Triamcinolone Tablets

General Notices

Action and use

Glucocorticoid.

Definition

Triamcinolone Tablets contain Triamcinolone.

The tablets comply with the requirements stated under Tablets and with the following requirements.

Content of triamcinolone, C₂₁H₂₇FO₆

90.0 to 110.0% of the stated amount.

Identification

A. Dissolve 1 mg of the residue obtained in the test for Related substances in 6 mL of ethanol (96%), add 5 mL of a 1% w/v solution of butylated hydroxytoluene in ethanol (96%) and 5 mL of 1m sodium hydroxide and heat on a water bath under a reflux condenser for 20 minutes. A pinkish lavender colour is produced.

B. In the Assay, the chromatogram obtained with solution (2) shows a peak with the same retention time as the peak due to triamcinolone in the chromatogram obtained with solution (1).

Tests

Related substances

Carry out the method for liquid chromatography, Appendix III D, using the following solutions. Shake a quantity of the powdered tablets containing 15 mg of Triamcinolone with 15 mL of absolute ethanol for 15 minutes, filter under reduced pressure through fine filter paper (Whatman No. 42 is suitable) and evaporate to dryness using a rotary evaporator. Reserve 1 mg of the residue for test A for Identification. Dissolve the remainder of the residue in 15 mL of methanol (solution A). For solution (1) use solution (A). For solution (2) dilute 4 mL of solution A to 100 mL with methanol. For solution (3) dilute 5 mL of solution (A) to 50 mL with methanol and dilute 5 mL of the resulting solution to 50 mL with the same solvent.

The chromatographic procedure may be carried out using (a) a stainless steel column (20 cm × 4 mm) packed with octadecylsilyl silica gel for chromatography (5 µm) (Hypersil ODS is suitable), (b) as the mobile phase a mixture of methanol and water, adjusted so that the retention time of triamcinolone is about 5 minutes (a mixture of equal volumes of methanol and water is usually suitable) with a flow rate of 2 mL per minute and (c) a detection wavelength of 238 nm. For solution (3) record the chromatogram for 4 times the retention time of the triamcinolone peak.

The test is not valid unless the column efficiency, determined using the principal peak in the chromatogram obtained with solution (2), is at least 10,000 theoretical plates per metre.

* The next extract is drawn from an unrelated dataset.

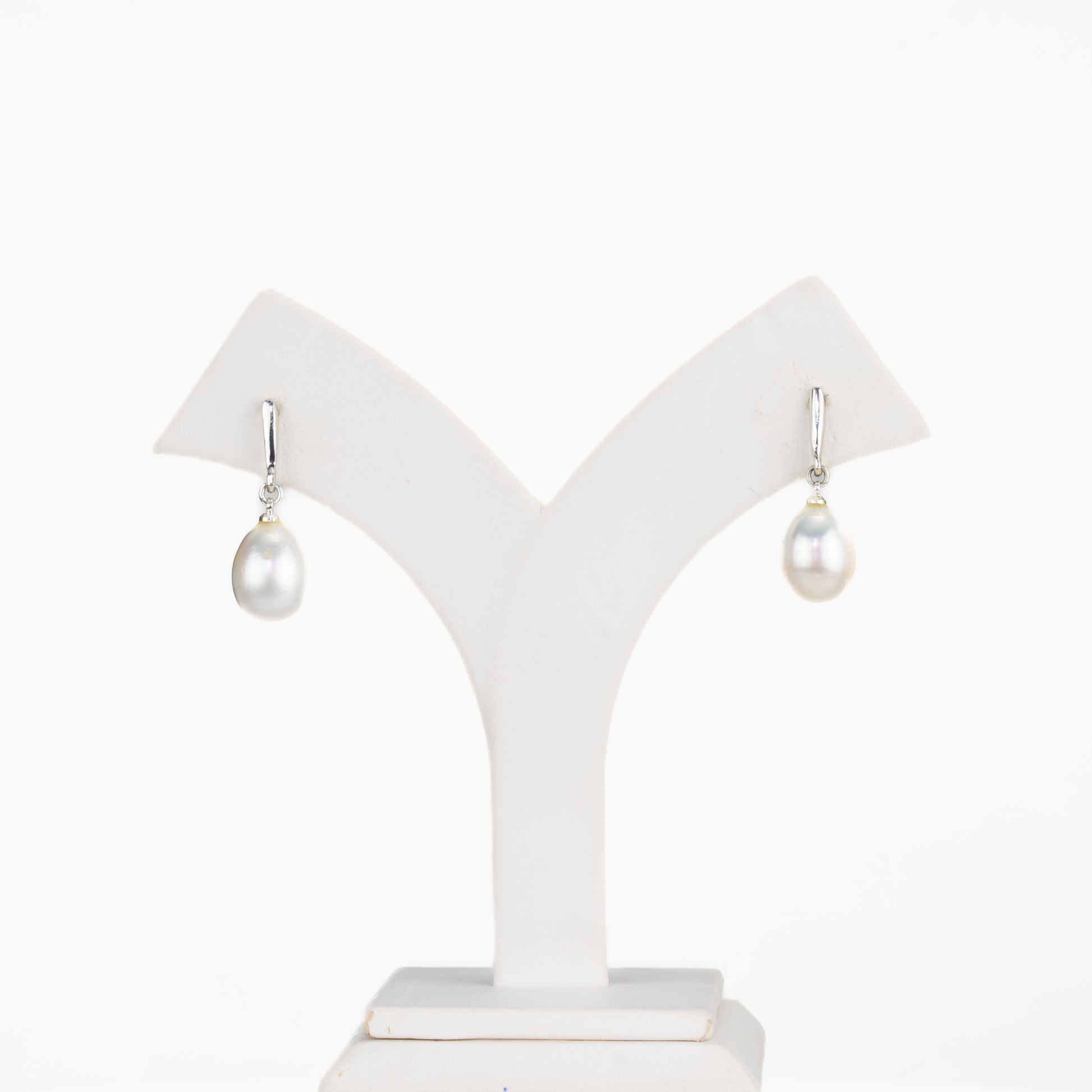 14.0-15.0mm White Drop South Sea Pearl Hanging Earrings
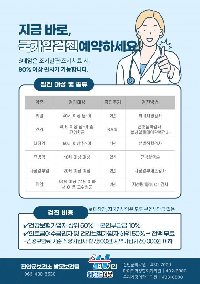±¹°¡¾Ï°ËÁø ´ë»ó ¿©ºÎ È®ÀÎ ¹× ¹®ÀÇ´Â Áø¾È±ºº¸°Ç¼Ò ¹æ¹®º¸°ÇÆÀ(¢Ï 063-430-8530)À¸·Î ÇÏ¸é µÈ´Ù.

The area of any secondary peak in the chromatogram obtained with solution (1) is not greater than twice the area of the principal peak in the chromatogram obtained with solution (3) (2%) and not more than one such peak has an area greater than that of the principal peak in the chromatogram obtained with solution (3) (1%). The sum of the areas of any such peaks is not greater than the area of the principal peak in the chromatogram obtained with solution (2) (4%).

Assay

Weigh and powder 20 tablets. Prepare a 0.06% w/v solution of testosterone (internal standard) in methanol (solution B) and carry out the method for liquid chromatography, Appendix III D, using the following solutions. For solution (1) add 5 mL of solution B to 5 mL of a 0.08% w/v solution of triamcinolone BPCRS in methanol and add 15 mL of methanol (50%). For solution (2) shake a quantity of the powdered tablets containing 2.5 mg of Triamcinolone with 5 mL of methanol and 20 mL of a mixture of 5 volumes of methanol and 3 volumes of water. Shake for 15 minutes, mix with the aid of ultrasound for 10 minutes, centrifuge and use the supernatant liquid. Prepare solution (3) in the same manner as solution (2) but add 5 mL of solution B in place of the 5 mL of methanol.

The chromatographic procedure may be carried out using (a) a stainless steel column (20 cm × 4 mm) packed with end-capped octadecylsilyl silica gel for chromatography (10 µm) (Spherisorb ODS 1 is suitable), (b) a mixture of 70 volumes of methanol, 30 volumes of water and 0.1 volume of glacial acetic acid as the mobile phase with a flow rate of 2 mL per minute and (c) a detection wavelength of 238 nm.

Calculate the content of C₂₁H₂₇FO₆ using the declared content of C₂₁H₂₇FO₆ in triamcinolone BPCRS.